The company has never implemented a share buyback since it listed on the Nairobi Securities Exchange (NSE) in June 2008.

Kenya first introduced share buybacks through the Companies Act, 2015 but the Capital Markets Authority introduced regulations to guide the process in November 2021.

The effecting of buyback rules in late 2021 means Safaricom would not have used such a programme to support its share price when it traded below its Sh5 listing level for about five years after joining the Nairobi bourse in 2008.

SAFARICOM BY PATRICK ALUSHULA

Subsequently, Safaricom’s share price rallied and has traded at a major premium, leading the NSE in terms of market value.

The proposed amendments show that the reserves may only be deployed in the business or invested in instruments other than Safaricom’s own stock.

Directors will also continue to have the option of carrying forward undistributed profits where deemed prudent.

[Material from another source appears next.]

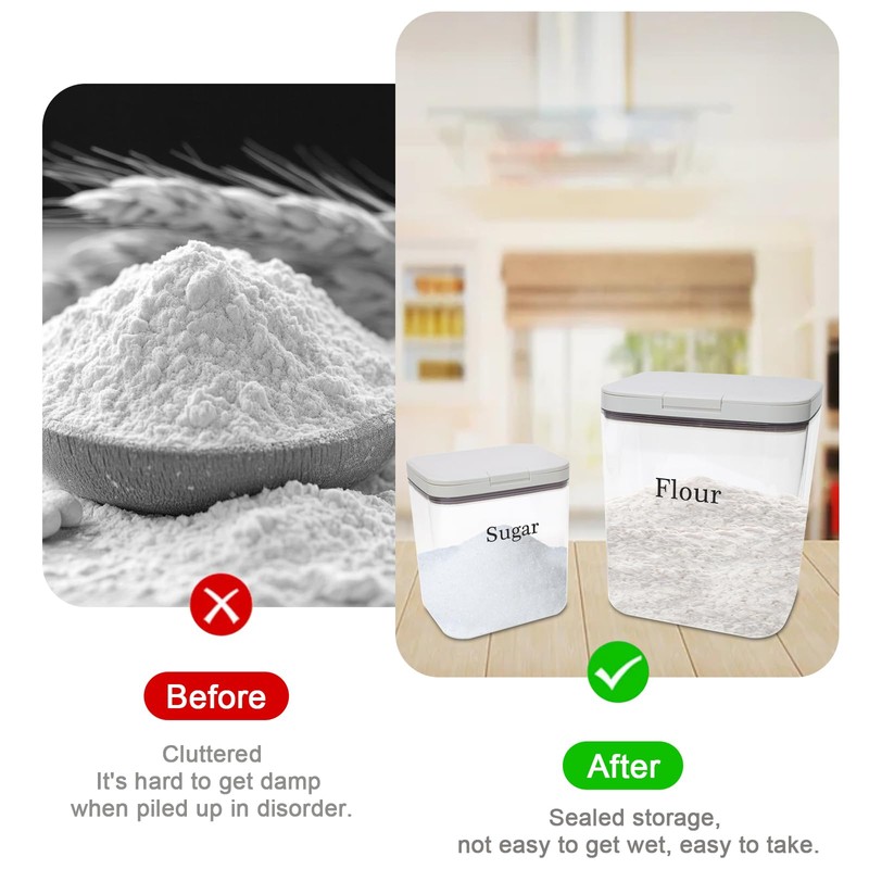 MULTI-USE:Our cereal storage containers are ideal for storing dry food like flour, sugar baking supplies, bulk food like spaghetti, pasta, oats, rice, cereal, nuts, corn, chips, snacks, coffee, tea, beans.Flour dispenser will organize food by categories, which are your efficient helper for kitchen and pantry organization.

Share buybacks, which involve a company purchasing its own shares from the market, are typically used to return excess cash to shareholders in a tax-efficient process or to support share prices.

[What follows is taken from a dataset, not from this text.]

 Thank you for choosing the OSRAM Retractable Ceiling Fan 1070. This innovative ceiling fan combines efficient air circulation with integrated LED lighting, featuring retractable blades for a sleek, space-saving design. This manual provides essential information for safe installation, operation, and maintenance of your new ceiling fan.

Stock repurchases have the effect of raising the stakes and earnings for continuing shareholders.

By reducing the volume of outstanding shares in the market, they are also likely to lift a company’s value, especially if the business remains profitable and continues to grow.

When a company buys part of its shares, remaining investors benefit through a higher claim on earnings and dividends without incurring any tax expense.

When they receive a dividend, however, they pay withholding taxes of between five percent and 15 percent (depending on residency status), unless they qualify for exemption.

Critics of share buybacks say this use of capital faces various major risks, including consuming a company’s cash when it may need funds for investment in operations.

A company may also buy back its shares when they are not cheap –as measured by the firm’s fundamentals. In this case, winners are shareholders offloading their stakes to the entity.

Use of stock repurchases is more widespread in developed markets where companies also pay dividends.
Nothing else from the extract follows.